Generate a video of two specific people each following different drawn motion paths
Create a video where subjects stay in bounding-box regions you define while the camera pans
Experiment with identity-preserving video generation using your own reference face photos
Test combined motion control and text guidance in a research setting
Requires downloading ~2.8 GB model weights plus the Wan2.1 base model fetched automatically on first run, then running a Python script with a custom metadata folder.

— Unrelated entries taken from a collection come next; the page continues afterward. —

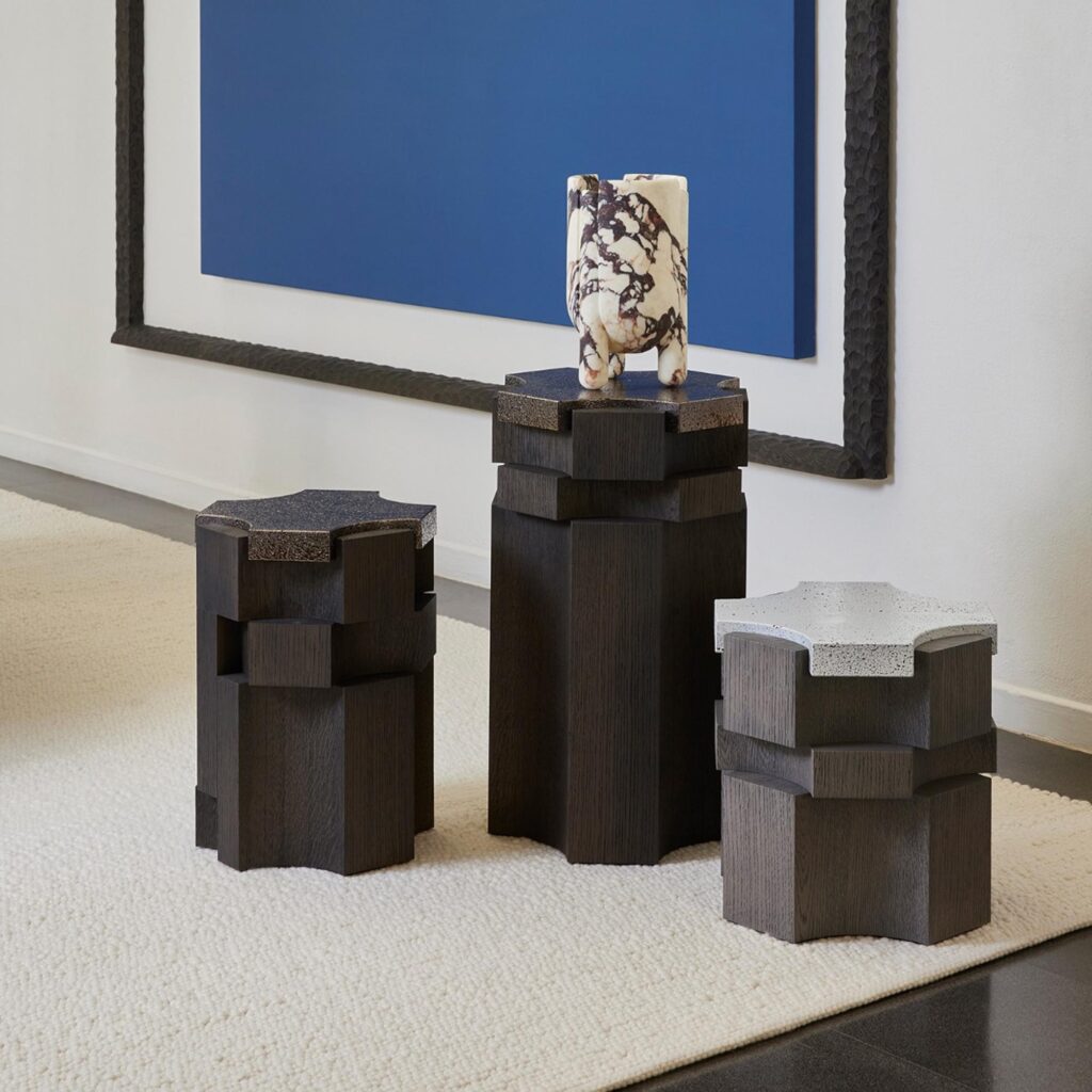 ARA is a collection of plinths/ pedestals composed of a base in brushed oak and a tabletop in enameled lava stone. ARA is a sophisticated and erudite building game, an architecture formed of solids and voids and defying the rules of geometry with interlacing of sharp edges and curving forms.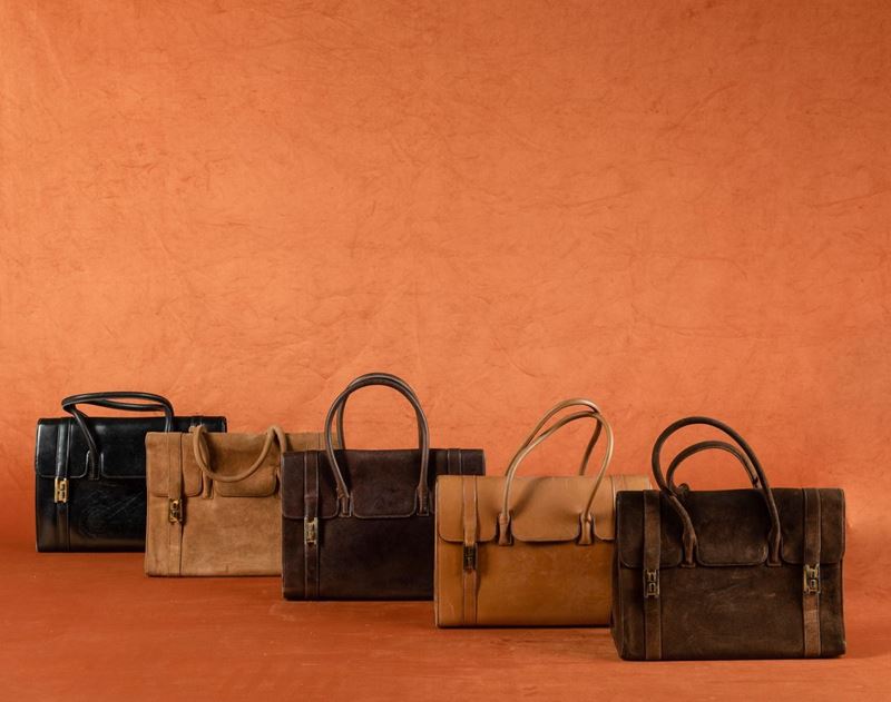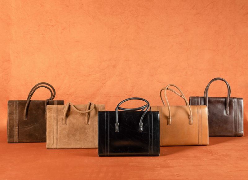 Together with four reproductions of the bag made by Cellerini Firenze in other materials and types of leather.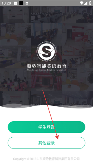 1、打開順勢智能英語APP,在初始界面點(diǎn)擊其他登錄選項(xiàng)。

DreamVideo-Omni is a research project from Alibaba's Tongyi Lab and several partner universities that generates AI videos with fine-grained control over multiple people or objects and how they move. The core challenge it addresses is that existing video generation tools struggle when you want to specify both who or what appears in a video and exactly how each subject should move independently of the others. The system accepts reference images of the subjects you want to appear, a text description, and optional motion cues: drawing paths on frames, bounding boxes that specify where each subject should be, or camera movement instructions. It can handle all three types of motion control at once, hence the name "Omni." To keep each subject recognizable throughout the video, the authors developed a training step that rewards the model when the generated faces and appearances match the references, using a technique they call latent identity reinforcement learning. In practice, generating a video requires downloading the model weights (about 2.8 GB) plus a base model called Wan2.1 (fetched automatically on first run). You then run a Python script called infer.py and point it at a folder containing your reference images and a metadata file with your caption and motion instructions. The README includes three example cases: one using two reference images with no motion paths, one using motion tracks with no reference images, and one combining both. The project was published as an academic paper in March 2026 and the inference code and trained weights were released in May 2026. It is built on top of two existing open-source tools: DiffSynth-Studio and Wan2.1. This is a research release aimed at developers and researchers who want to experiment with controllable video generation, not a consumer product with a graphical interface.